The ring Sarkozy gave Bruni is a heart-shaped pink diamond “Cupidon” ring by Dior fine jewellery designer Victoire de Castellane.
“Coloured, or fancy diamonds as they are properly called, are indeed the hot thing in gemstones,” says Duncan Parker, vice-president at Harold Weinstein Associates in Toronto, which provides grading for diamonds. “We’re probably seeing five to 10 times as many coloured diamonds coming through the lab as we may have seen five years ago.”
Last December at an auction in Sotheby’s Hong Kong, a 6.04-carat blue diamond sold at $1.2-million per carat for a total of $8-million, the highest amount paid per carat for a diamond at auction.
Diamonds are rare and coloured diamonds are very rare, “the top of the gem category” says Mr. Parker. “They can be pretty much any colour, but the most rare is red. You hardly ever see that. For the natural pinks, you might find one carat in a thousand. For a certain pinkish/purple, perhaps one in a million.”
After that, the most sought-after are the blues, pinks, purples, greens and yellows. Greys and browns have historically been considered the lesser of the coloured diamonds, but even brown diamonds have become trendy lately.
Most of the naturally pink diamonds come from the Argyle mine in Australia ( more on Argyle Mine here ), the blues from South Africa, while yellow diamonds are the most prevalent of fancy diamonds –anomalies that can pop up in any diamond mine, including the Ekali mine in the Northwest Territories. Still, they don’t make up even 1% of that mine’s output, according to industry sources.
Of course, jewellers prefer not to use the term “trendy” when referring to the pricey gems. But even hardened industry experts trace the current fashion for coloured diamonds back to the pink diamond engagement ring Jennifer Lopez wore in her “Bennifer” period.
Coloured diamonds might just be the pinnacle of sophistication — that extra dimension of colour in a beautiful stone adding one more thing to delight the senses. When you stop to think about it, the most legendary diamonds are the coloured diamonds. The famous blue Hope diamond from India now in the Smithsonian tops the list. Then there is the canary-yellow Tiffany diamond from South Africa, now a showpiece at the famous jeweller’s flagship store on Fifth Avenue in New York, and the Dresden Green from Brazil.

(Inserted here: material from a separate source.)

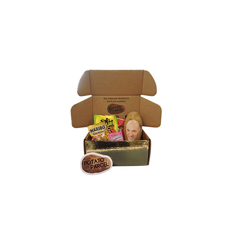 - This bundle includes 1 real Idaho Potato with your image and/or message, 1 24K Gold Surprise Gift Box, and assorted candy included!
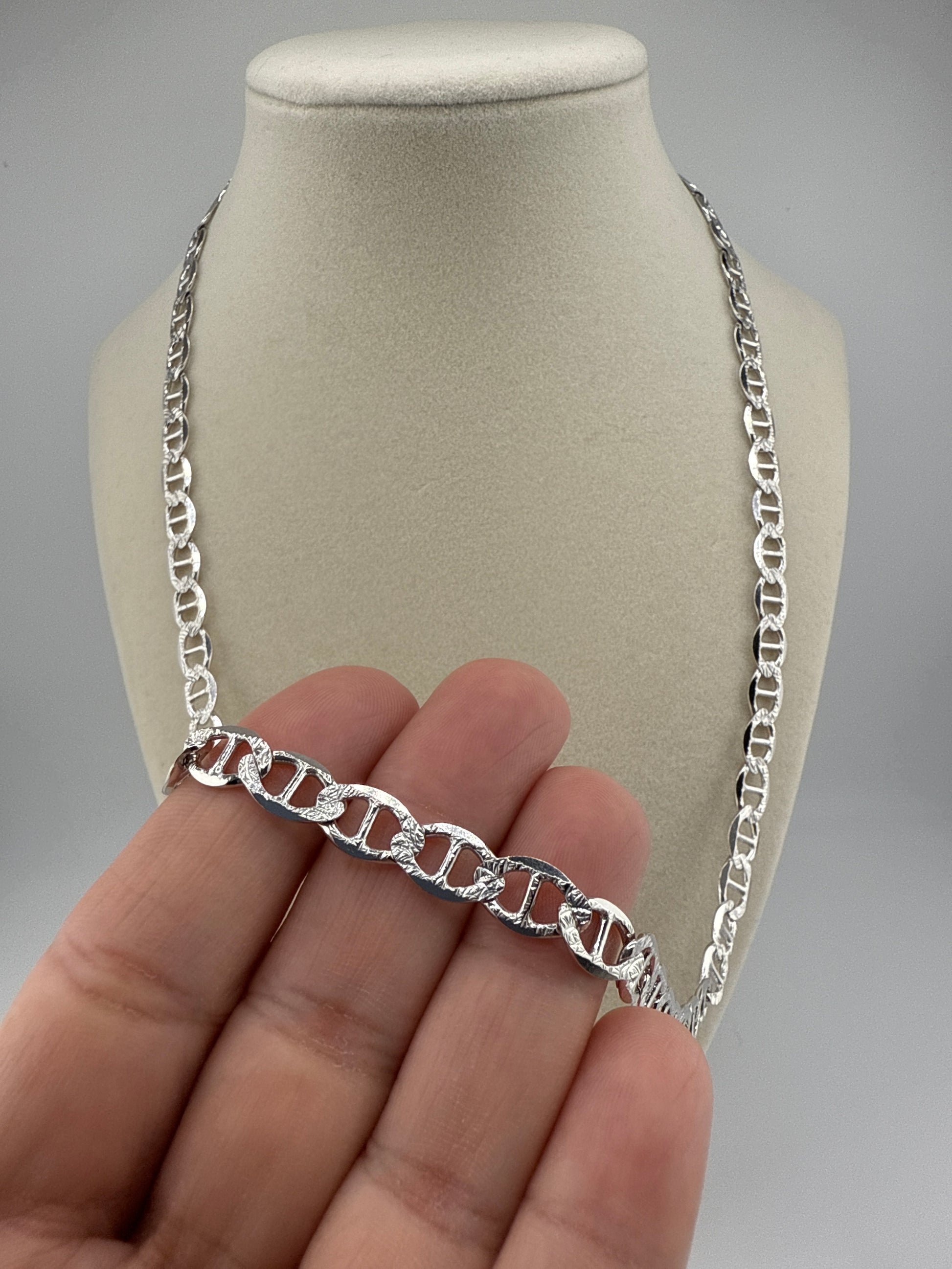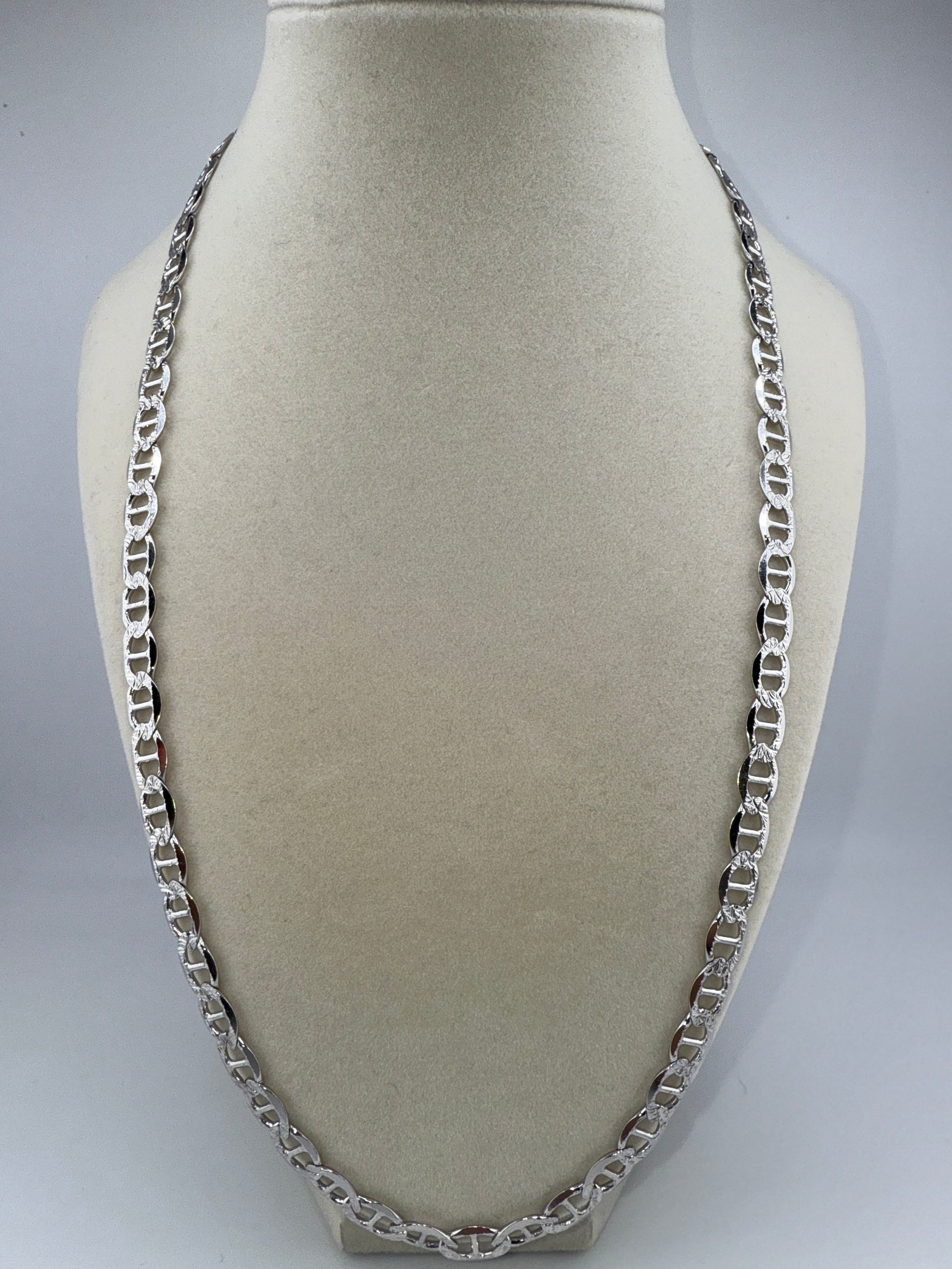 Sterling Silver 24inch 7mm Pave Marina Chain - Rhodium Plated

As with many things in the luxury world, the “mainstreaming” of a rare market is becoming a fact in the coloured diamond industry. While few of us will ever see a rare, naturally pink diamond in our lives, the diamond industry has a number of new treatment technologies to produce fancy diamonds in commercial quantities at a fraction of the cost. The dazzling gems that were once the exclusive domain of royalty, aristocrats and the very wealthy may not be within coming so for the merely rich.
The most popular methods of artificially producing coloured diamonds include coating colourless diamonds, boiling the gems in sulphuric acid and “bombarding” already slightly coloured diamonds to enhance their colour.
Coating involves applying a surface coating which can improve the colour of the stone by six or seven colour grades. While the idea of coating diamonds might smack of cheating, the established method is sometimes used with colourless diamonds to make them a more dazzling white.
Bombarding involves irradiation — radiation by controlled exposure to radioactivity. Though this sounds slightly scary, it is just mirroring the process that coloured diamonds went through in nature millions of years ago. Green diamonds, for example, owe their colour to exposure to radioactive materials such as uranium.
Irradiation has come a long way since the 1930s, when attempts to enhance the colour of diamonds with the procedure caused the jewels to become radioactive. “You had these priceless gems that glowed in the dark,” says Shelly Purdy, a Toronto designer of fine jewellery.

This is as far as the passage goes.